* [Task goal] Find each line of the material below in which the word "first" occurs, and return it.

* [Data for review]
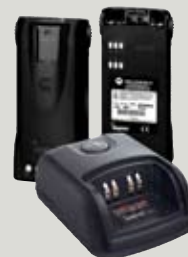
impres™ Smart Energy System
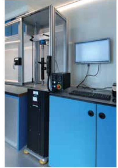
MTS Roehrig EMA damper test system deployed in Tenneco mobile ride tuning truck.

“Crank dynos are purely mechanical systems, so changing the stroke length is a mechanical job,” Moria said. “And they only offered velocities up to 1.5 m/s. EMA damper systems have longer stroke lengths and velocities up to 2 or 3 m/s if necessary. It’s very easy to make these changes, so test efficiency is higher and we can provide much more flexibility for our customers.”
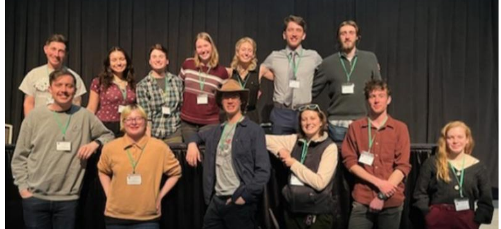
CSU, CSU Pueblo, and Western Colorado University Student Chapter members at the CCTWS 2024 Conference in Pueblo.

On 7-10 February, the Colorado Chapter of the Wildlife Society hosted their conference in Pueblo, CO, and we gathered seven of our members to participate in this wonderful opportunity. Our student chapter members met up with members from the other Colorado student chapters, CSU Pueblo and CSU Fort Collins. We were all able to schedule a meeting and catch up and got the chance to make up some
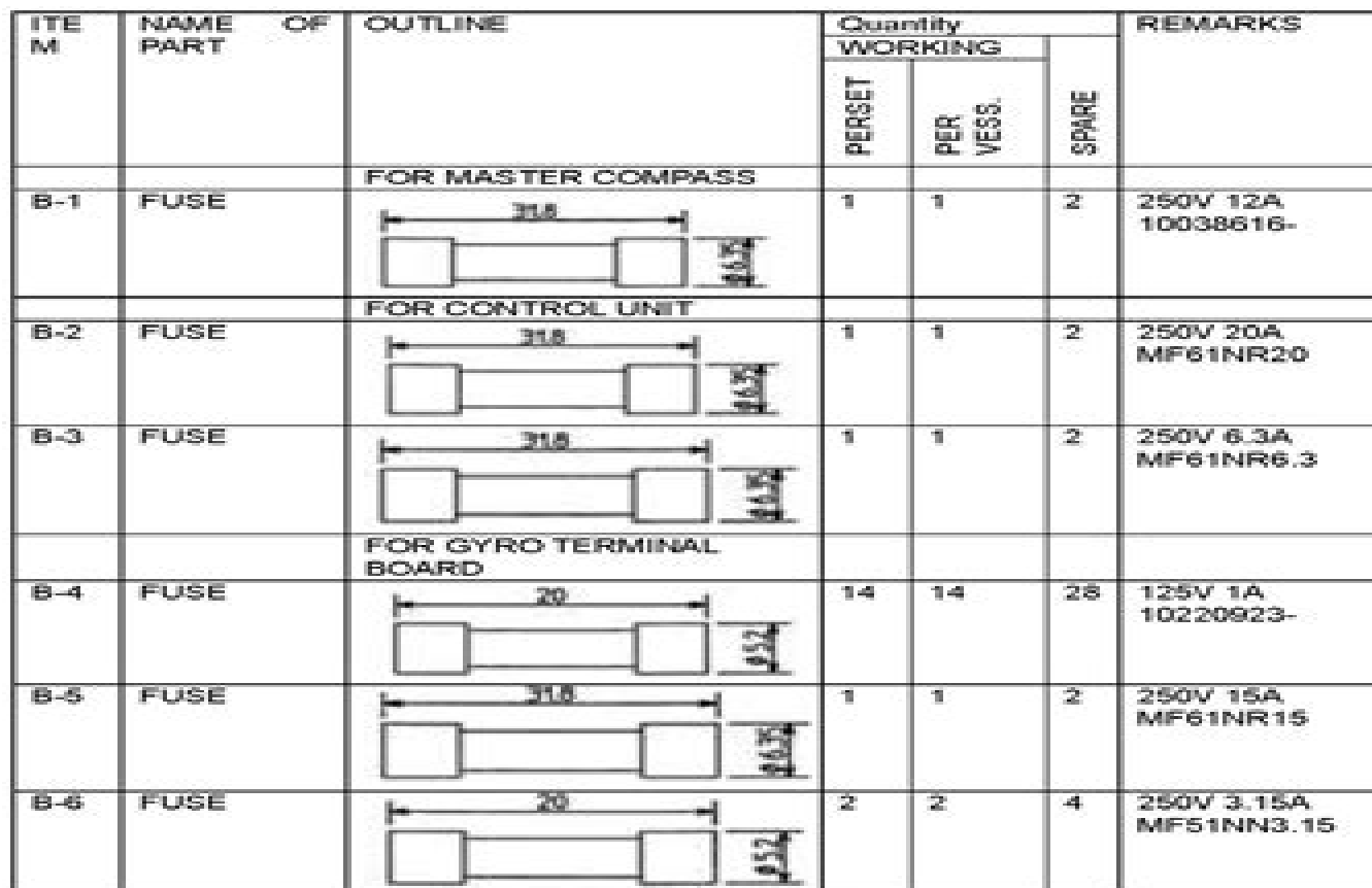
Table 5.3 Spare Parts

Spare parts shown in Table 5-3 are attached to this system.
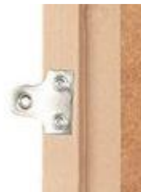
Mirror Plates (unreversed)

Below are examples of fixings that should be removed or reversed as they can damage other work.
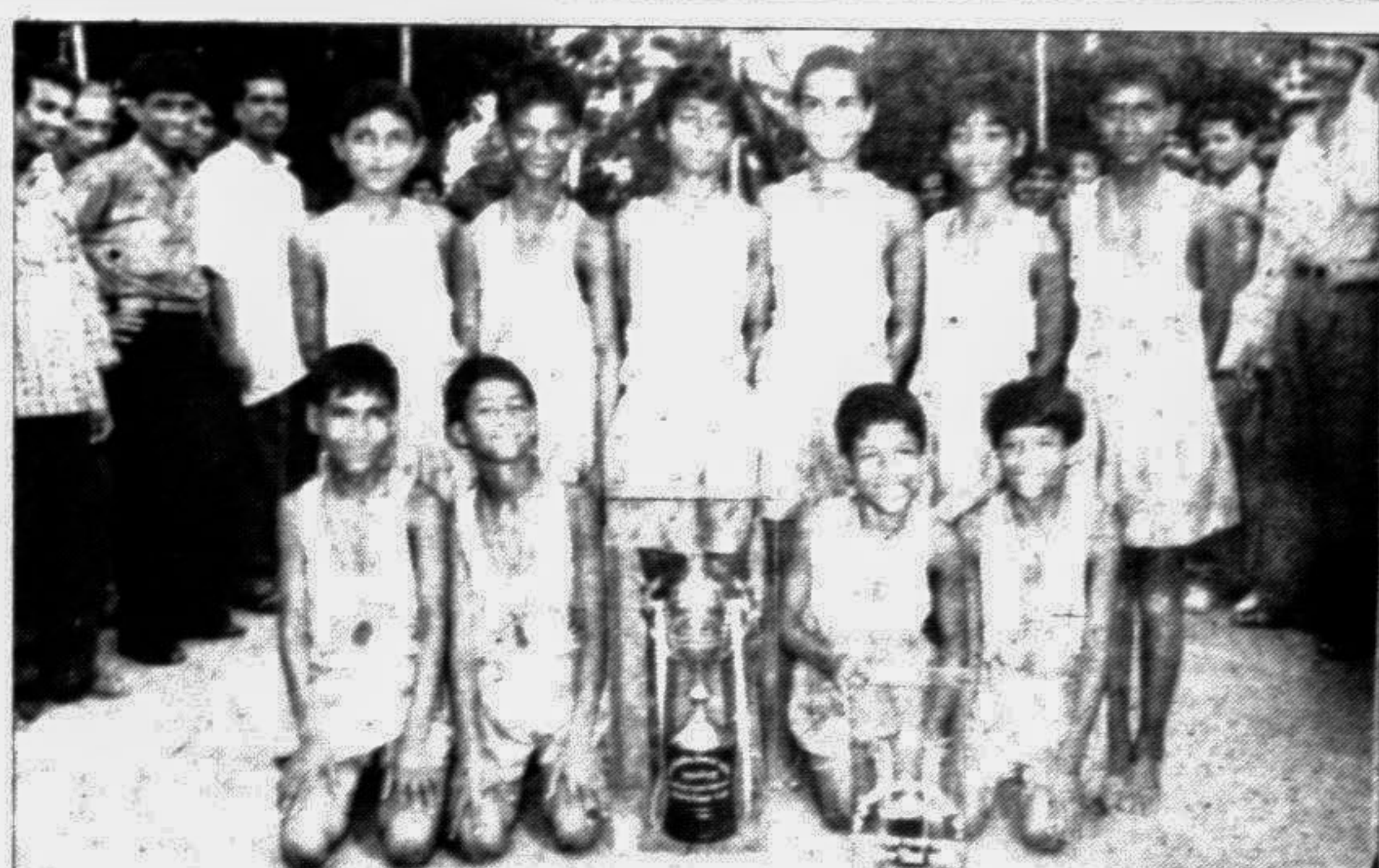
The jubilant Dolairpar High School team, which won the sixth schools kabaddi title.

LONDON, July 12: South African President Nelson Mandela and British Prime Minister John Major announced plans to boost the sports development initiative between the two countries on Thursday, reports Reuters. Speaking at a function in London attended by some of the countries' major sports figures, Mandela said he was delighted with the launch of phase two of the initiative. It will see the British government invest a further 200,000 pounds sterling (310,800 dollars) in the project.
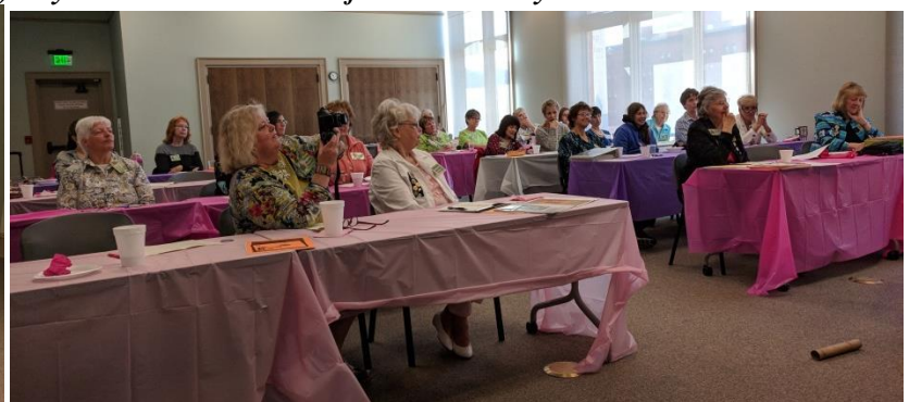
(left) Combined members of Butte and Anaconda (right) District 3 and 4 members during the program presentations.
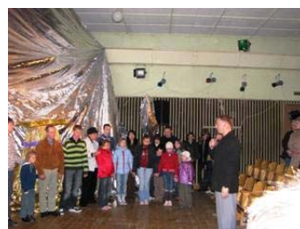
Drama in the Vabalninkas city, Lithuania, where Birzai's Pentecostal Church is starting with new children work and church. Despite of resistance of catholic many people responded to the altar call.

Years ago while I was watching soccer game, God showed me a picture from church – the Body of Christ as a soccer team. Soccer is a team game, there might be some stars in the team, but this alone doesn't help. Every man has to give himself into this game, then and only then this team can win.
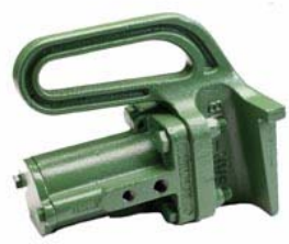
Railroad Car Vibrators Model VMRR and female bracket Model LSRR-FL
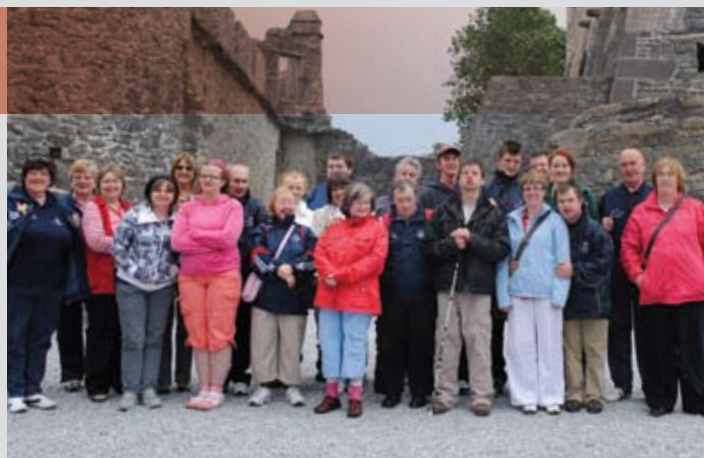
Above: Bruff All Stars athletes, families & volunteers pictured at their first club summer outing to Killarney
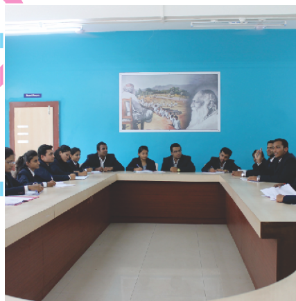
Conference Hall / Seminar Hall
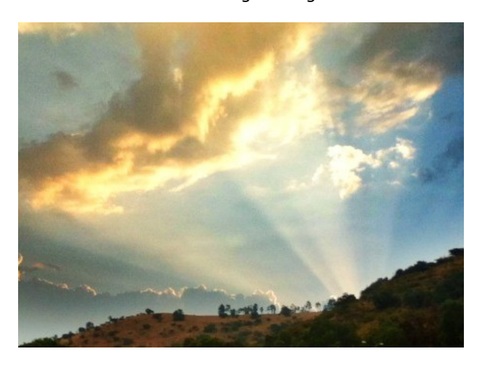
The Sun Shining Through . . .
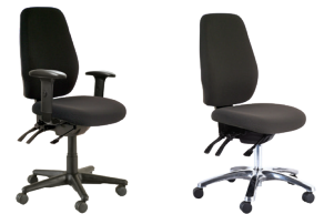
NYLON BASE With Arms
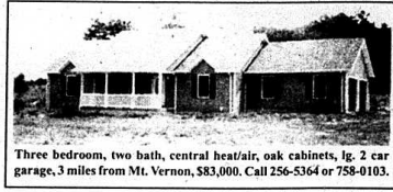
Three bedroom, two bath, central heat/air, oak cabinets, lg. 2 car garage, 3 miles from Mt. Vernon, $83,000. Call 256-5364 or 758-0103.

3 Bedrooms, 1.5 Baths, Range, Refrigerator, 2 Decks (8x8, 12x16), underpinning, Trane Central Heat & Air, Utility Pole, $17,000. (To be moved). 606-256-0047 days or 606-758-0172 nights.
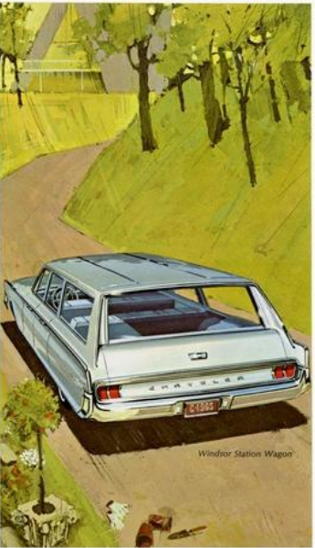
Windsor Station Wagon
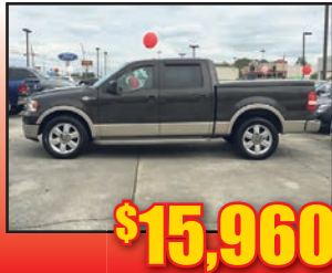
07 Ford F150 Super Crew, King Ranch, All The Buttons, Stk#TF071B
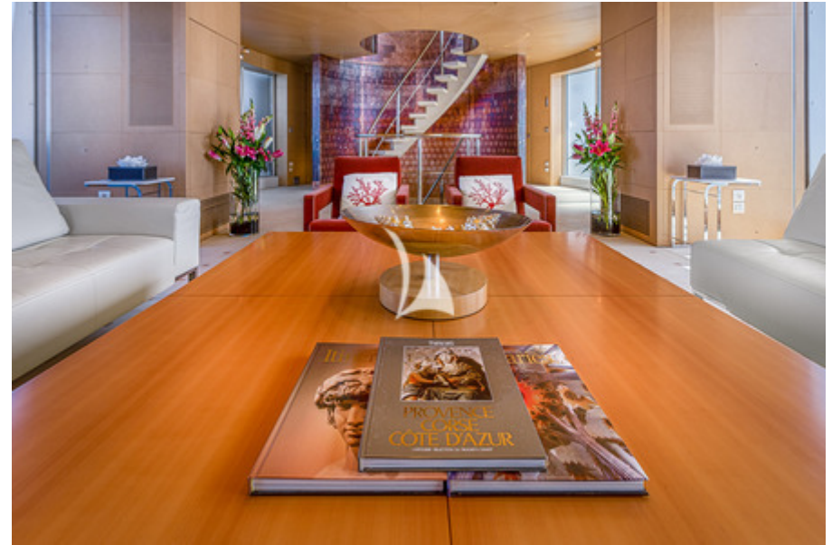
MY LUISA - DETAILS (1)
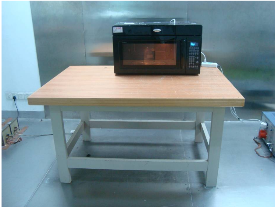
Conduction Emissions - Side View
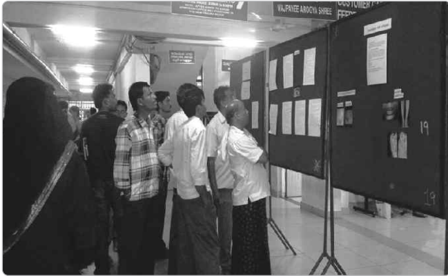
▲ Manipur State Branch
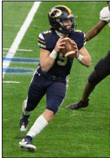
The DeWitt football team reached the Division 3 state championship game.
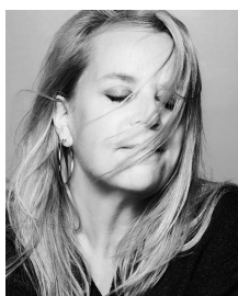
Mary Chapin Carpenter

The St. Louis Symphony Youth Orchestra season is sponsored by St. Louis Children's Hospital with additional support from the G.A., Jr. and Kathryn M. Buder Charitable Foundation and the ESCO Technologies Foundation.
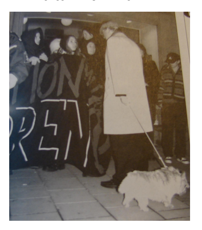
Anarchist feminists blocking entrance to a film festival, Stockholm, 1999

associated with anarchist feminism. These women were doing what one called "the important work" (meaning more "important" than lobbying politicians). Actions by these women included "throwing eggs" and protesting outside of sex clubs.
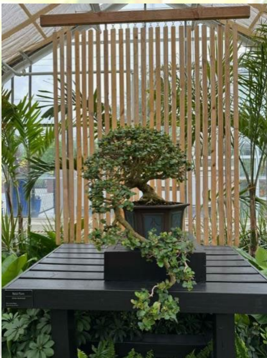
Natal Plum at the Franklin Park Conservatory
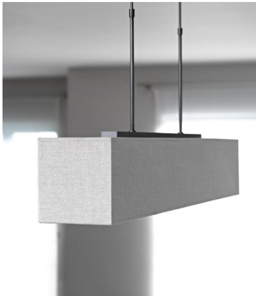
HENOUTMIRE 3 in brushed bronze with lampshade MEDIUM in Lin Pompéi (fabric from category 2)
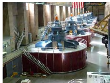
8 of the 17 hydroelectric generators at the Hoover Plant
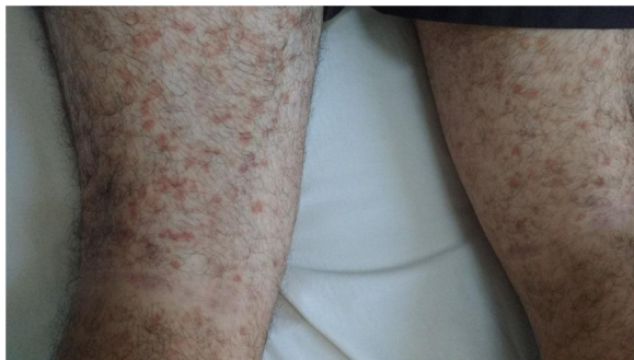
Fig. 3 – Nasal septum perforation.

Case 5: A 34-year-old male who came to consultation with bleeding gums, fever, testicular pain, purpuric lesions in lower limbs and hematuric urine. Renal biopsy: mesangiocapillary glomerulonephritis with IgG and IgM deposits. Suspected diagnosis: polyarteritis nodosa and vasculitis secondary to cocaine addiction. He was treated with steroids in bolus and intra-venous cyclophosphamide. The patient admitted cocaine addiction. After 7 months of treatment, the patient developed obstructive respiratory failure due to tonsil enlargement (Candida infection) and died.
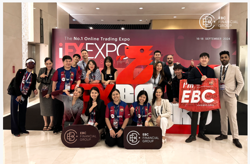
The EBC Financial Group team gathers at the iFX Expo Asia 2024 in Bangkok, representing their brand and partnership with FC Barcelona.
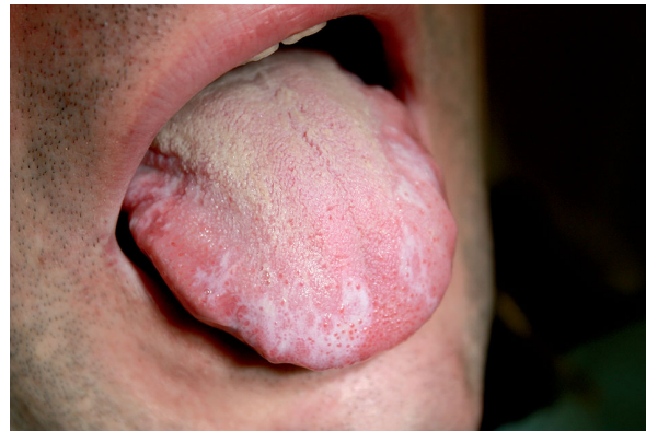
Fig. 2. Reticular lichen planus on the tongue in patient

role of similar immune reaction mechanisms responsible for the development of all the diseases described in their report. Kaniewska and Rydzewska suggested a possibility of coincidence of coeliac disease and other autoimmune disorders, e.g. chronic inflammatory bowel diseases, type I diabetes and primary biliary cirrhosis. According to the authors, introducing a gluten-free diet at the early stage of coeliac disease may prevent the development of other autoimmune conditions in these patients [8]. The coincidence of chronic inflammatory bowel diseases and pyoderma gangrenosum was also reported by some authors [10]. According to Wróbel et al. , autoimmune disorders that may appear together with lichen planus include graft-versus-host disease (GVHD), primary biliary cirrhosis and type B and C chronic hepatitis [9]. There have also been reports that confirmed the coincidence of lichen planus and chronic inflammatory bowel diseases – a situation also described in our paper. Giomi et al. described a case of a 37-year-old female with ulcerative colitis and lichen planus on the genital mucosa with no other skin or
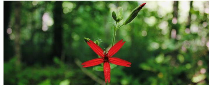
Blazing Fire Pink on the McGowan Creek Trail
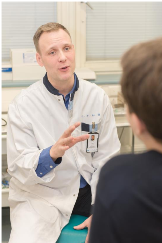
GENERAL HEALTH CARE
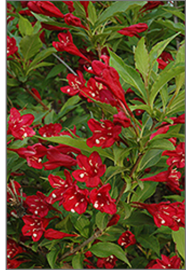
Red Prince Weigela flowers

Red Prince Weigela is recommended for the following landscape applications;
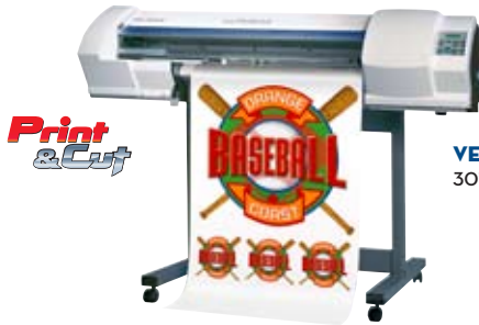
VERSACAMM SP-300V 30" PRINTER/CUTTER
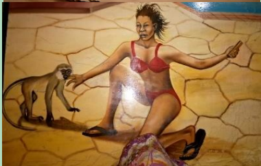
Pic1: Most dominant monkey feeds first.
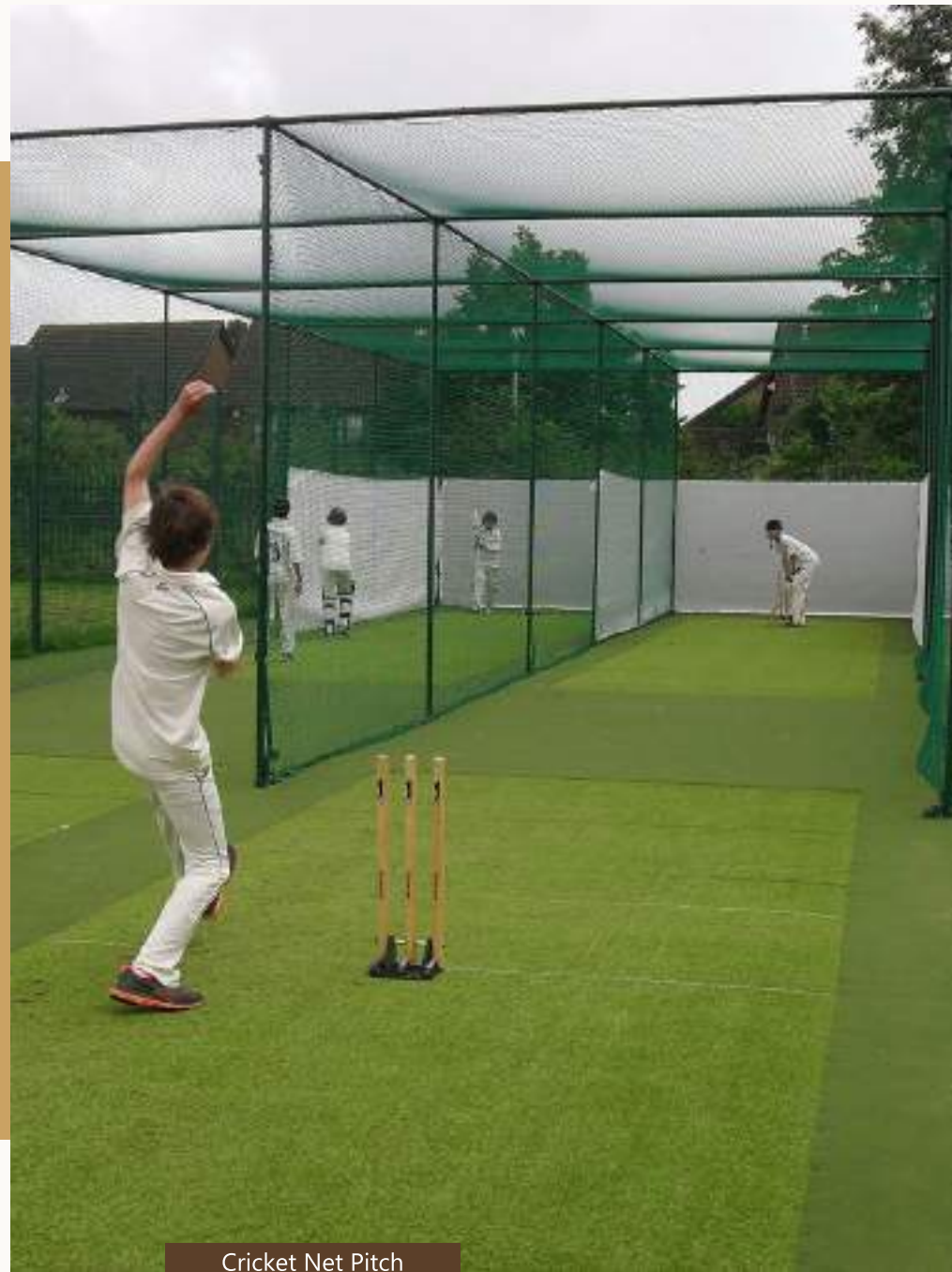
Cricket Net Pitch

* [Exercise solution]
Above: Bruff All Stars athletes, families & volunteers pictured at their first club summer outing to Killarney
Pic1: Most dominant monkey feeds first.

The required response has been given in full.